*** Opening of EXTRACTED RECORDS ***

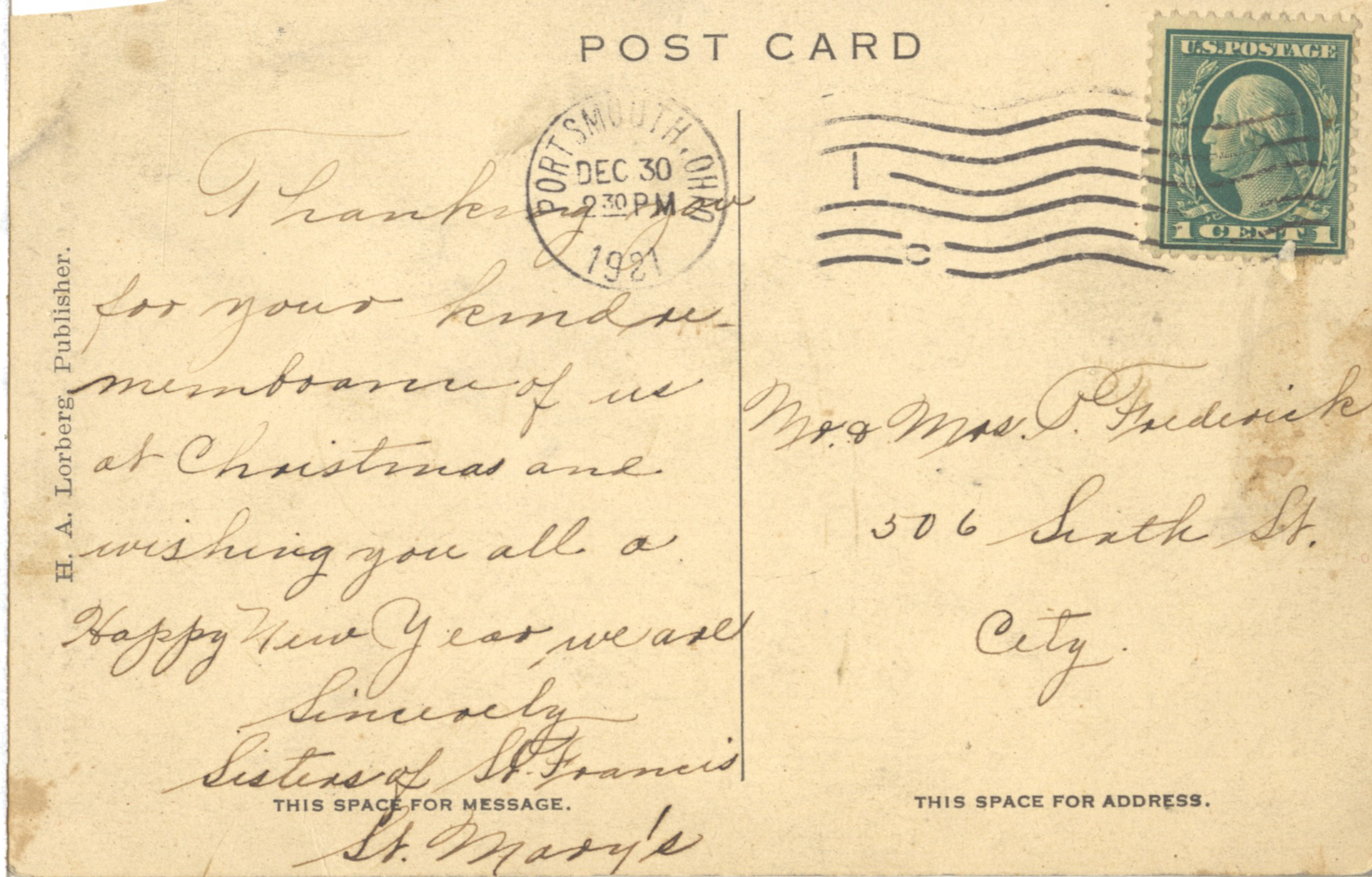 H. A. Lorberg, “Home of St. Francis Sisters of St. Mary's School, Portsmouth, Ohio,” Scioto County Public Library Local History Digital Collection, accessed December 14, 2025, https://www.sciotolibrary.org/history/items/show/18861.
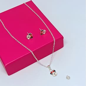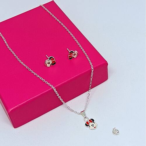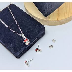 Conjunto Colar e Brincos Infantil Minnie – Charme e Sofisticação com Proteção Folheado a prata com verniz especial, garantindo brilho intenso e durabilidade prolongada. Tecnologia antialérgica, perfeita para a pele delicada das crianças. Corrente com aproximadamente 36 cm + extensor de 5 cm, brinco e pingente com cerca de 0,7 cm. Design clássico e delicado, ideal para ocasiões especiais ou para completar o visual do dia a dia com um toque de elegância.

*** Close of EXTRACTED RECORDS ***
*** Opening of EXTRACTED RECORDS ***

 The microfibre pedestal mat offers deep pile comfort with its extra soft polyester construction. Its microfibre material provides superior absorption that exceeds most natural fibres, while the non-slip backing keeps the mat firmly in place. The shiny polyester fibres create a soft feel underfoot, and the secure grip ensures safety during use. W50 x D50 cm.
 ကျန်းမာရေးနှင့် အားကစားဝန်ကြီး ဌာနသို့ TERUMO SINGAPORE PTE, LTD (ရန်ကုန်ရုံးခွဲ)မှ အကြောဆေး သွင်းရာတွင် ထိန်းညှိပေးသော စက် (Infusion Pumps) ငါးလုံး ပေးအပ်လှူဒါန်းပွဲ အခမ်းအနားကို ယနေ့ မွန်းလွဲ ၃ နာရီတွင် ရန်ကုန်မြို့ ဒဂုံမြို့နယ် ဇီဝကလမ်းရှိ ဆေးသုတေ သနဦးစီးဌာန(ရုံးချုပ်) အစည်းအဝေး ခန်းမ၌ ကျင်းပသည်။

*** Close of EXTRACTED RECORDS ***

→ WORK REQUEST:
Using the data above, print only the lines starting at the one with "of St. Francis" and ending at the one with "Conjunto Colar e", exactly as they stand, minus the pictures.

→ ANSWER SPACE:
 H. A. Lorberg, “Home of St. Francis Sisters of St. Mary's School, Portsmouth, Ohio,” Scioto County Public Library Local History Digital Collection, accessed December 14, 2025, https://www.sciotolibrary.org/history/items/show/18861.
 Conjunto Colar e Brincos Infantil Minnie – Charme e Sofisticação com Proteção Folheado a prata com verniz especial, garantindo brilho intenso e durabilidade prolongada. Tecnologia antialérgica, perfeita para a pele delicada das crianças. Corrente com aproximadamente 36 cm + extensor de 5 cm, brinco e pingente com cerca de 0,7 cm. Design clássico e delicado, ideal para ocasiões especiais ou para completar o visual do dia a dia com um toque de elegância.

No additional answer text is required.